QMLGJul 10, 2022

Automatic differentiation and the optimization of differential equation models in biology

arXiv:2207.04487v26 citationsh-index: 58
AI Analysis

This work addresses the challenge of efficiently optimizing complex biological models for researchers in computational biology and related fields, representing an incremental advancement by extending automatic differentiation techniques to differential equations.

The paper tackles the problem of optimizing differential equation models in biology by applying automatic differentiation through numerical algorithms like Runge-Kutta to compute derivatives of performance measures over trajectories, enabling improved parameter estimation and model fitting. It highlights how this computational breakthrough can advance theoretical and statistical studies by unifying optimization across learning, evolutionary, and information landscapes.

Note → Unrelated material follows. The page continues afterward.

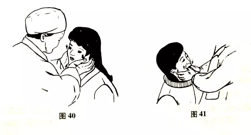 传统复位均系双拇指置于口内大臼齿面复位法,我们多采用口外复位法,不仅可避免患者过度张口引起下颌关节软组织的再度损伤及痛苦,而且也有于卫生。双侧脱位也可用单侧复位法,方法同前。此法随时随地均可使用,既经济又方便。(图40、41)

A computational revolution unleashed the power of artificial neural networks. At the heart of that revolution is automatic differentiation, which calculates the derivative of a performance measure relative to a large number of parameters. Differentiation enhances the discovery of improved performance in large models, an achievement that was previously difficult or impossible. Recently, a second computational advance optimizes the temporal trajectories traced by differential equations. Optimization requires differentiating a measure of performance over a trajectory, such as the closeness of tracking the environment, with respect to the parameters of the differential equations. Because model trajectories are usually calculated numerically by multistep algorithms, such as Runge-Kutta, the automatic differentiation must be passed through the numerical algorithm. This article explains how such automatic differentiation of trajectories is achieved. It also discusses why such computational breakthroughs are likely to advance theoretical and statistical studies of biological problems, in which one can consider variables as dynamic paths over time and space. Many common problems arise between improving success in computational learning models over performance landscapes, improving evolutionary fitness over adaptive landscapes, and improving statistical fits to data over information landscapes.